A Simon Fraser University research team has developed interactive post-pandemic recovery maps to highlight some of the long-term effects of COVID-19.
The project, which is led by Dr. Valorie Crooks, a professor in the department of geography and Canada Research Chair in Health Services Geographies, said for the past year, the research team she’s been working with has been “working on actually finding ways to develop map tools to be useful for helping us to understand what’s happening in relation to the pandemic.”
And as the province moves into the first step of its restart plan, Crooks said the team “wanted to try and take a little bit of a pause from that dialogue and just point out the fact that there are going to be long-term health impacts, not simply related to those people who actually contracted COVID-19, but actually related to the pandemic measures that have been put in place to manage the spread of COVID-19 throughout the province.”
Crooks said the map looks at five factors: housing insecurity, job security, occupational burnout, loneliness/isolation and educational disrupt, adding they “set out to find factors that we know actually are contributing to these changes in health impacts based on evidence that is coming out of research that is starting to emerge.
She said while “we’ve now shifted” discussions to slowly going back to normal, those restrictions could have had “an impact on mental health and wellbeing, they can lead to the onset of stress, anxiety, depression, even post-traumatic stress disorder.
“There’s also reports of exacerbation of symptoms for people who are managing ongoing chronic illnesses, and certainly there will be other kinds of health impacts.”
Crooks said the research team hasn’t overlaid their map with ones from the BC Centre for Disease Control on case, positivity and vaccination rates.
“Absolutely, there will be connections between hotspots … because we know that there’s a connection and the connection is around social vulnerability.

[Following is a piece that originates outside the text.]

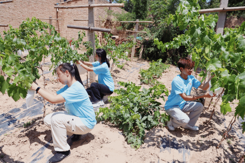 当了解到村中不少留守老人正为葡萄园套袋、除草等繁重农活而发愁时,“健农益行”团迅速调整计划,将服务延伸到田间地头。在村民的指导下,队员们认真学习葡萄套袋技巧与除草要领,随即挽起裤腿,躬身投入劳作。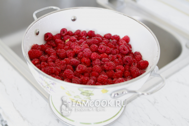 Ягоды малины переберите, удалите веточки, подножки. Промойте под проточной водой и откиньте на дуршлаг. Дождитесь, чтобы стекла вся жидкость.

People who are experiencing various axis of marginalization and inequity, we know that there’s this kind of profile emerging around hotspot neighbourhoods and it would be the same places that we really expect to see these secondary health effects.”
Crooks said, though, that the SFU maps provide an even closer look at neighbourhoods, which allows people to “unpack that (data) even more.”
“This is the smallest unit, geographically, that you can actually get census data in. It’s a much smaller unit. This is actually more reflective of neighbourhoods.”
The maps are broken into “Personal Risks,” “Place-Based Risks” and “Overall Vulnerability to Risks.”
Looking at the “Personal Risks” map, the majority of north Surrey is shaded in the darkest red to imply that the relative personal risk is high. But that same colour is seen throughout most of the Lower Mainland, followed by an orange colour representing a medium-high relative personal risk.
In the “Place-Based Risks” map, north Surrey is a mix of high, medium-high and medium-low relative exposure risk.
Meantime, the “Overall Vulnerability to Risks” map shows all of Surrey to be a mix of high, medium-high and medium-low risk class.
Crooks said these disparities are spread out all throughout the province.
“You can see that communities in the north are vulnerable, communities in the Interior (too). This really tells us that need to actually start now thinking really carefully about things that we can do to assist with trying to support people who are going to be managing these secondary health impacts.”
But, she said, these secondary health risks can potentially be avoided.
“I could walk out on my deck and there could be a risk of a tripping hazard, but I wouldn’t trip and fall because I would step over it. The same is true with these factors, so actually, there could be things that we can actually do now to help intervene that would offset the development.”